- Task instructions:
Only the lines from the one with "钢琴谱:One Whole Day-Dixie / Wiz Khalifa" through the final line below belong in the answer, copied exactly and without pictures.

- Data provided:
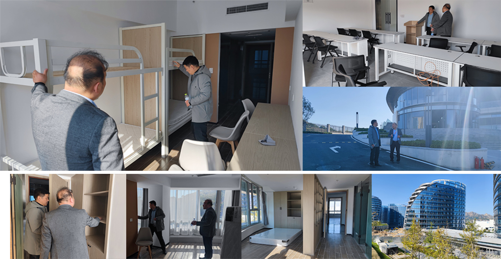 一行四人首先考察了教学及实践基地。重点考察了学生宿舍楼和教学楼及周边环境,走进宿舍和教室详细了解了内部情况及设施。并与公司相关人员沟通交流下一步具体详细的室内布置和装修方案,确保提供给学生安全舒适的生活和学习环境。
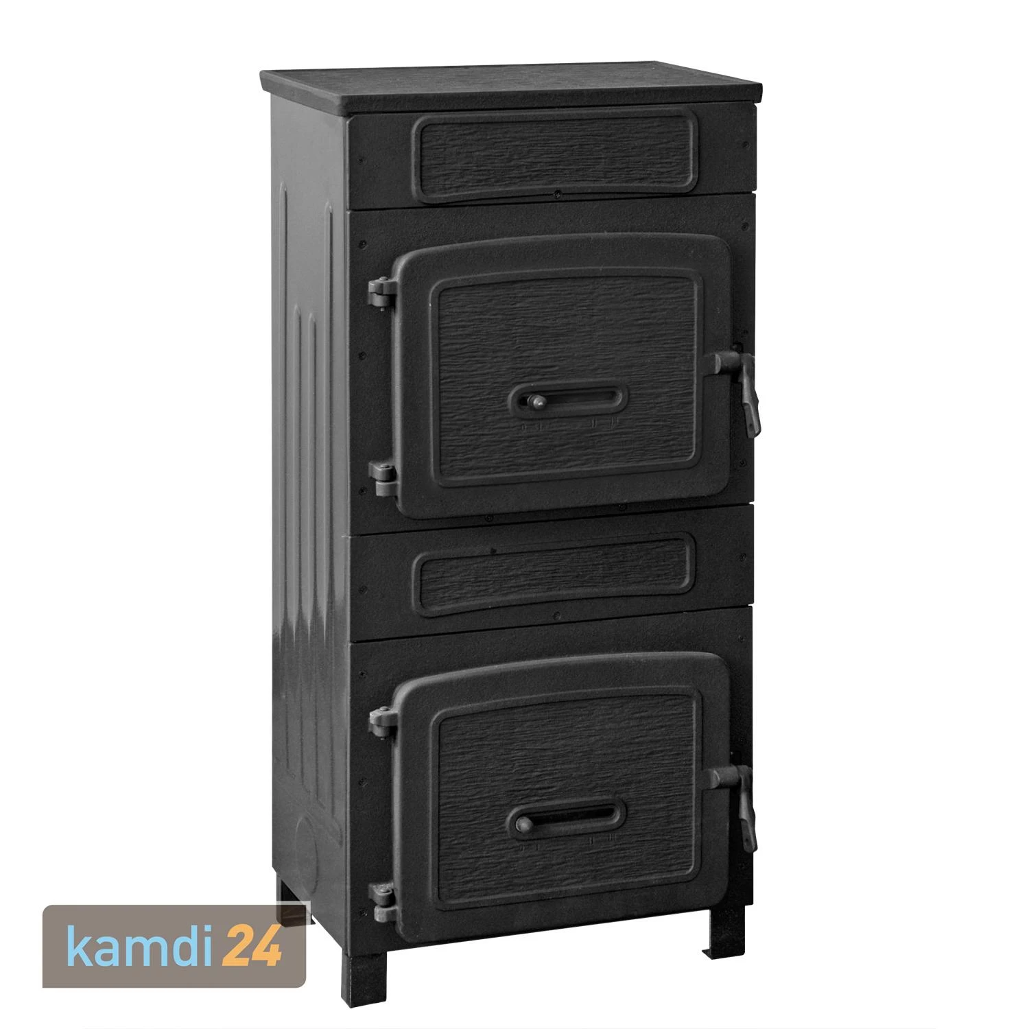 Sie erhalten diesen Werkstattofen bei uns in drei verschiedenen Varianten: Eine schlichte Ausführung mit zwei Gusstüren, ein Modell mit Sichtfenster sowie eine Version mit Sichtfenster und Rauchrohranschluss oben. Die jeweiligen Brennraumtüren bestehen alle aus massivem und langlebigem Gusseisen.
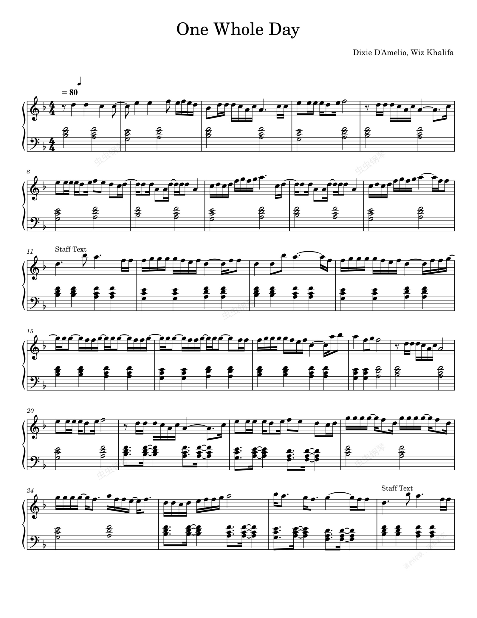 钢琴谱:One Whole Day-Dixie / Wiz Khalifa
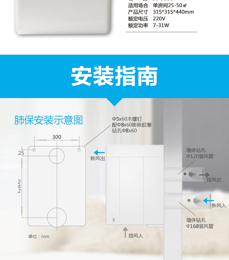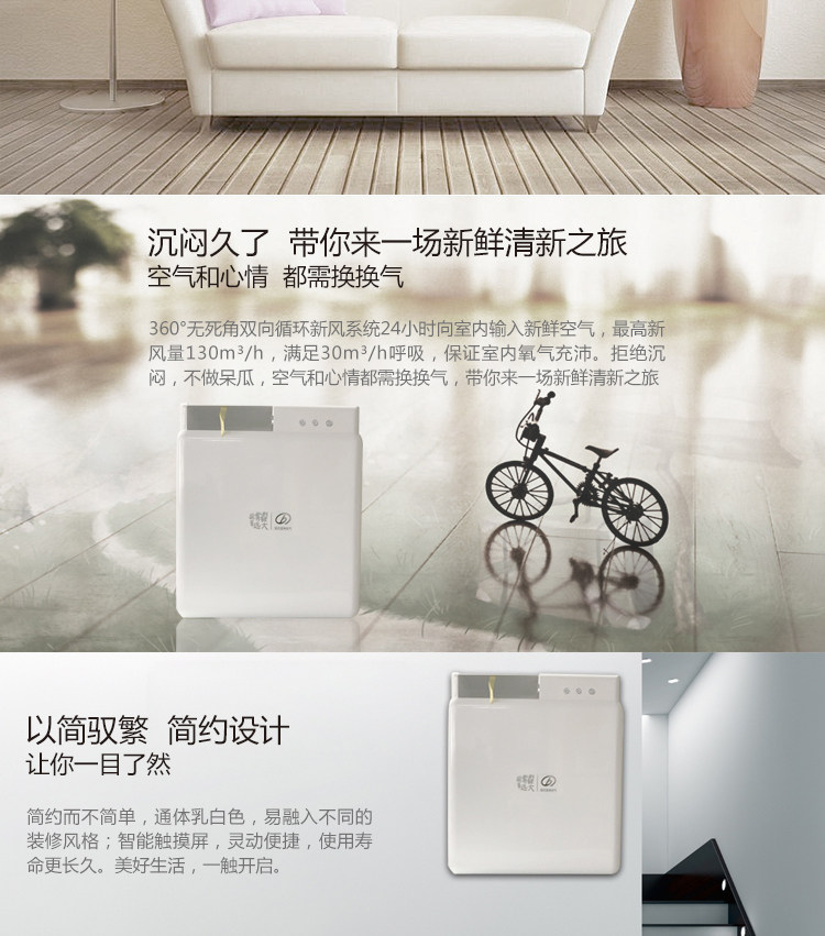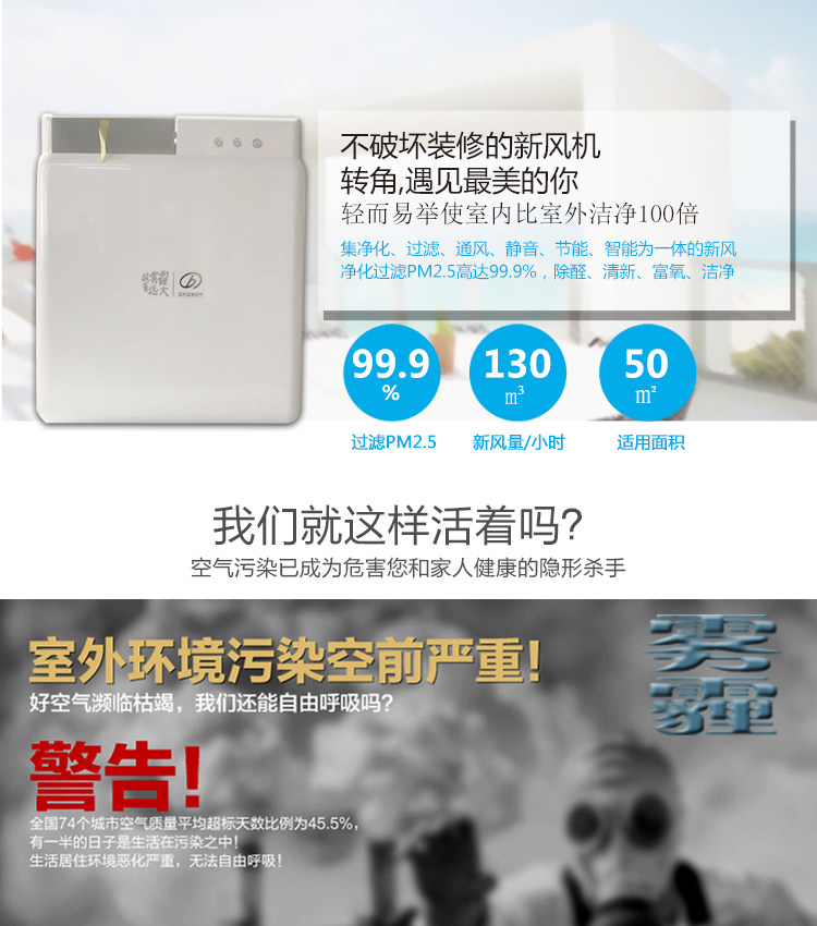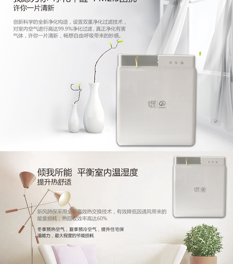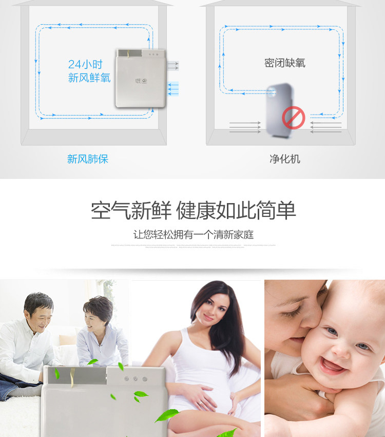 新款远大新风肺保家用空气净化器壁挂新风机除烟尘甲醛防雾霾神器

- Reply to the exercise:
 钢琴谱:One Whole Day-Dixie / Wiz Khalifa
 新款远大新风肺保家用空气净化器壁挂新风机除烟尘甲醛防雾霾神器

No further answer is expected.